NCT ID: NCT01904123 Completed - Metastatic Melanoma Clinical Trials

STAT3 Inhibitor WP1066 in Treating Patients With Recurrent Malignant Glioma or Progressive Metastatic Melanoma in the Brain

Start date: July 13, 2018
Phase: Phase 1
Study type: Interventional

This phase I trial studies the side effects and best dose of STAT3 inhibitor WP1066 in treating patients with malignant glioma that has come back or melanoma that has spread to the brain and is growing, spreading, or getting worse. STAT3 inhibitor WP1066 may stop the growth of tumor cells and modulate the immune system.

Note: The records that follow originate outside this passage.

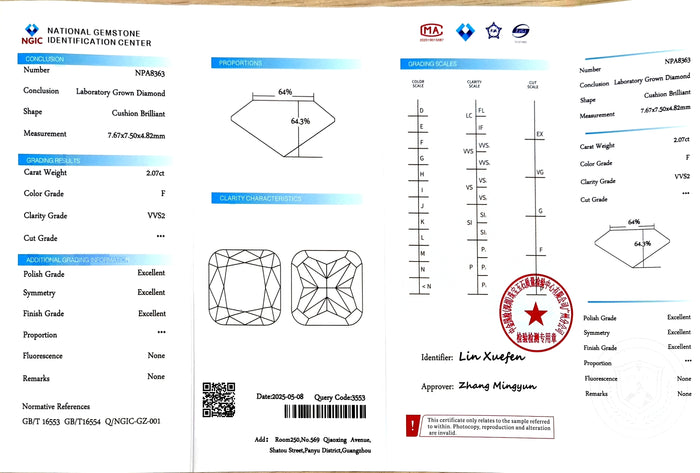 NGIC Certificate #: NPA8363 (We will ship the lab-grown diamond to you along with the NGIC Certificate. You can scan the barcode on the report to access the third party certificate.)
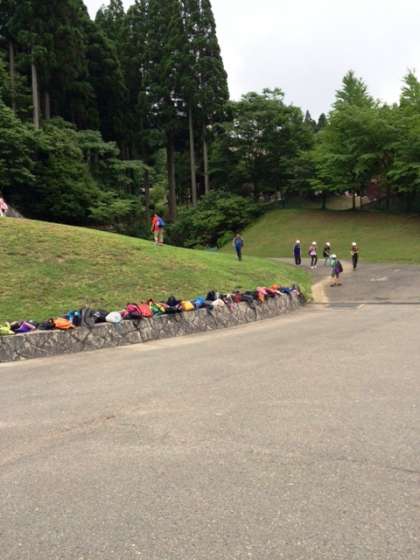 入所式を終えて,昼ご飯までの間,宿泊棟や野外水事情などの確かめをかねて,所内見学をしました。空模様が心配ですが今のところ雨は落ちてきていません。
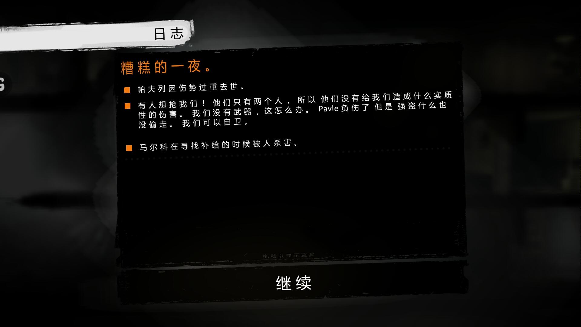 这个游戏非常人性化。因为拿了车库那对父子的食物,之后就一直沮丧。开始夫列去拿(偷)东西被他打成重伤,又一直沮丧。所以我又想派马尔科去把东西放回去,结果一开门就被他打死了(尴尬😓)。就剩下厨师一个人……
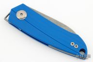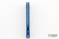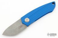 This Chaveta by Daniel Dunaway-Knight features a dark stonewashed blade with a matching flipper tap. The handle has a blue G-10 frame with a titanium backspacer.  Nice double detent, and blade seating. Comes with a zippered case and COA.  New from maker!
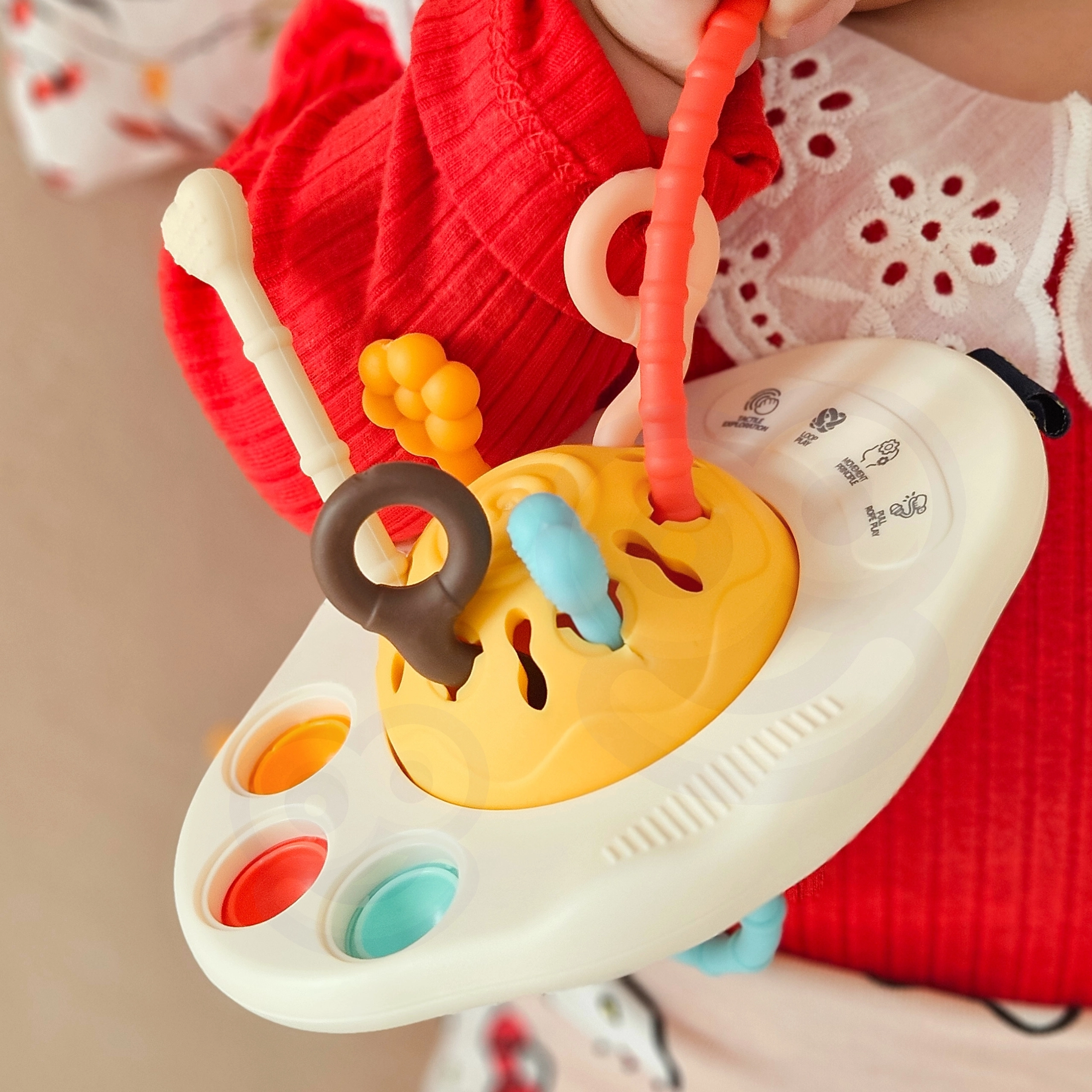 Тази бебешка Монтесори играчка WOOPIE BABY във форма на UFO предлага разнообразни сензорни стимули благодарение на шест връзки с различни текстури и цветове, три меки бутона и един по-твърд плъзгащ бутон. Дърпането на връзките предизвиква различни звуци и леки вибрации, които насърчават любопитството и концентрацията. Меките ръбове и структурираните повърхности осигуряват облекчение на чувствителните венци при никнене на зъбки.
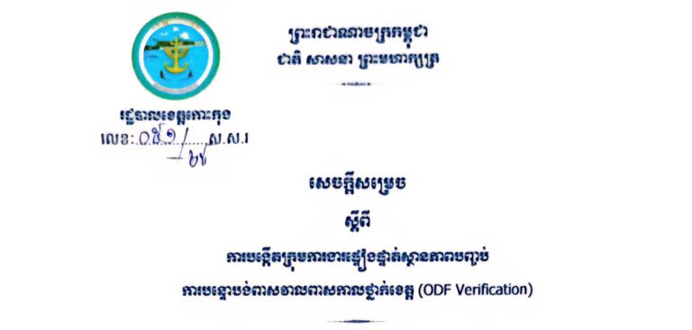 សេចក្តីសម្រេច ស្តីពីការបង្កើតក្រុមការងារផ្ទៀងផ្ទាត់ស្ថានភាពបញ្ចប់ការបន្ទោបង់ពាសវាលពាសកាលថ្នាក់ខេត្ត (ODF Verification)
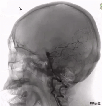 解脱后再次造影,多角度提示动脉瘤瘤腔内有明显造影剂滞留,基底动脉及其分支通畅。
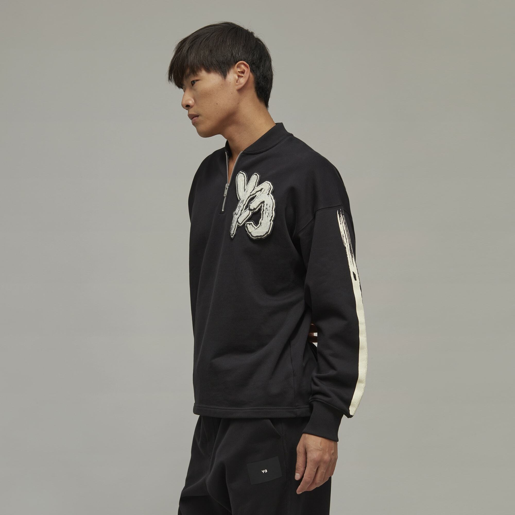 【 Y-3 GFX LOG FT CREW 半拉鍊長袖TEE - 黑 】

NCT ID: NCT01754350 Completed - Clinical trials for Recurrent Glioblastoma

Calorie-restricted, Ketogenic Diet and Transient Fasting During Reirradiation for Patients With Recurrent Glioblastoma

ERGO2
Start date: May 2013
Phase: N/A
Study type: Interventional

Increased glucose metabolism is characteristic for solid tumors. Thereby, glucose is important for the generation of ATP, supply of anabolic substrates and defense against reactive oxygen species in tumor cells. In preclinical models, restricting glucose availability using a ketogenic diet, calorie-restriction or transient fasting inhibits tumor growth. Therefore, the purpose of the study is to evaluate whether a calorie-restricted, ketogenic diet and transient fasting can enhance the efficacy of reirradiation in patients with recurrent glioblastoma.

NCT ID: NCT01609790 Completed - Glioblastoma Clinical Trials

Bevacizumab With or Without Trebananib in Treating Patients With Recurrent Brain Tumors

Start date: June 4, 2012
Phase: Phase 2
Study type: Interventional

This partially randomized phase II trial with a safety run-in component studies the side effects and how well bevacizumab given with or without trebananib works in treating patients with brain tumors that have come back (recurrent). Immunotherapy with monoclonal antibodies, such as bevacizumab, may induce changes in the body's immune system and interfere with the ability of tumor cells to grow and spread. Trebananib may stop the growth of tumor cells by blocking blood flow to the tumor. It is not yet known whether giving bevacizumab together with trebananib is more effective than bevacizumab alone in treating brain tumors.